→ **PROBLEM DETAILS**: Everything from the line that contains "Exploring archetypes, both" to the final line of the data, both ends included, must be set down exactly, apart from the pictures.

______________________________

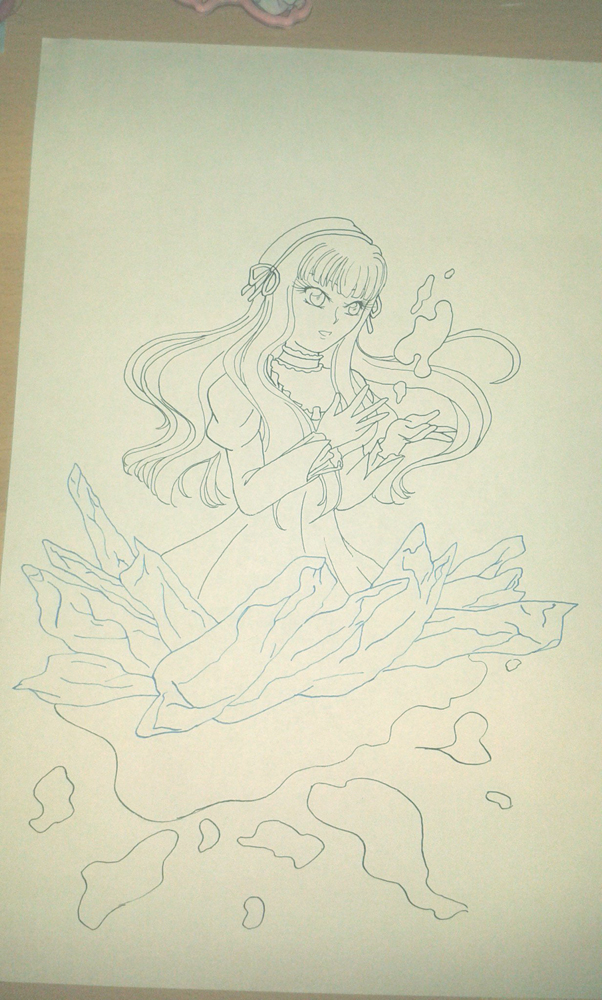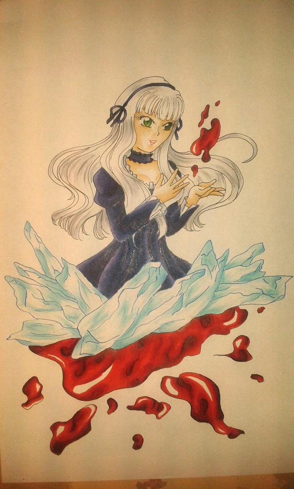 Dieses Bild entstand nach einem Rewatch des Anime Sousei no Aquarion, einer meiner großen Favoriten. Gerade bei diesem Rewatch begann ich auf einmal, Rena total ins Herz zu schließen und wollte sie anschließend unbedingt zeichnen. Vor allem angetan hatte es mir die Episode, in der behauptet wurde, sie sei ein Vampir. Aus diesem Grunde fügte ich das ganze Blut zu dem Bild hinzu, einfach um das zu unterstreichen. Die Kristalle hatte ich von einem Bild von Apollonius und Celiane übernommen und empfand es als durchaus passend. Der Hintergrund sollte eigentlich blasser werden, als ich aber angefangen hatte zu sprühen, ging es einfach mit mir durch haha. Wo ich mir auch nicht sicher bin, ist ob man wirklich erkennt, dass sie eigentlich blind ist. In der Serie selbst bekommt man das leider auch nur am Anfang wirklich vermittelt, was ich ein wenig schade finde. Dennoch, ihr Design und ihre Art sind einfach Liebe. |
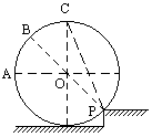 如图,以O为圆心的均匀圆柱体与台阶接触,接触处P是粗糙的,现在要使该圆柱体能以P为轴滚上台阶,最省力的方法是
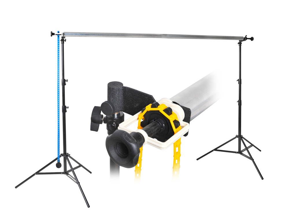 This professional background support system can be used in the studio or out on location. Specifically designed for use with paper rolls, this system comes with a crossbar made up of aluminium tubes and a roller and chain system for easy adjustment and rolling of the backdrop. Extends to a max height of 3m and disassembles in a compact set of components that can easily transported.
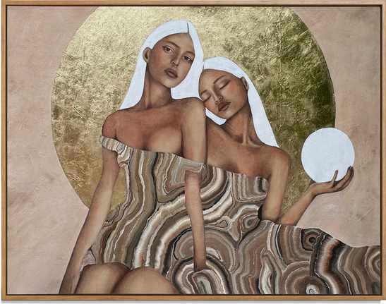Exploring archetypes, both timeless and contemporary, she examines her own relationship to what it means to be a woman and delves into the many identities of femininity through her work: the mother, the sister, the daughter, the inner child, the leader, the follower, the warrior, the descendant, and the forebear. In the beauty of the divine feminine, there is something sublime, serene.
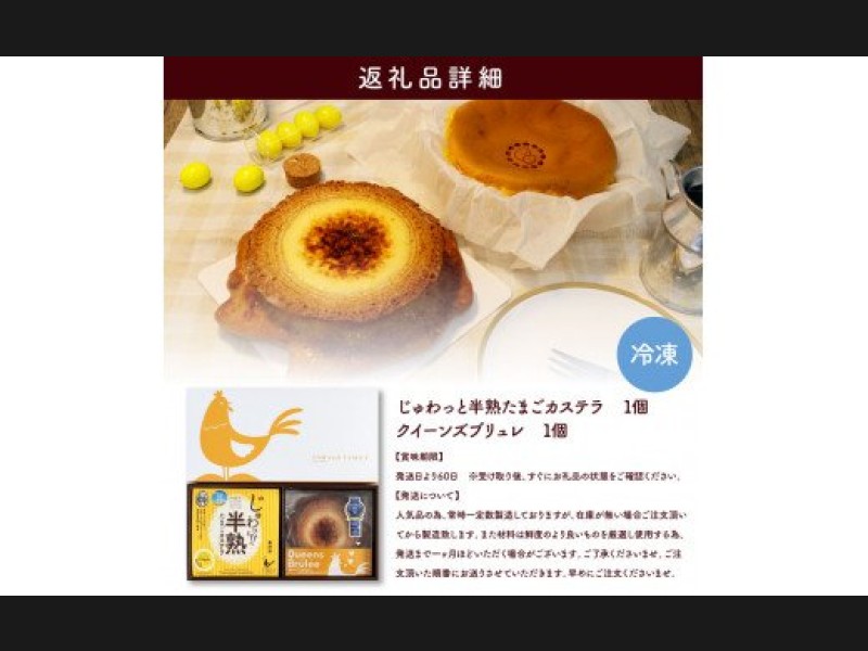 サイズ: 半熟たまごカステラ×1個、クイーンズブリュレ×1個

______________________________

→ **ANSWER TO THIS EXERCISE**:
Exploring archetypes, both timeless and contemporary, she examines her own relationship to what it means to be a woman and delves into the many identities of femininity through her work: the mother, the sister, the daughter, the inner child, the leader, the follower, the warrior, the descendant, and the forebear. In the beauty of the divine feminine, there is something sublime, serene.
 サイズ: 半熟たまごカステラ×1個、クイーンズブリュレ×1個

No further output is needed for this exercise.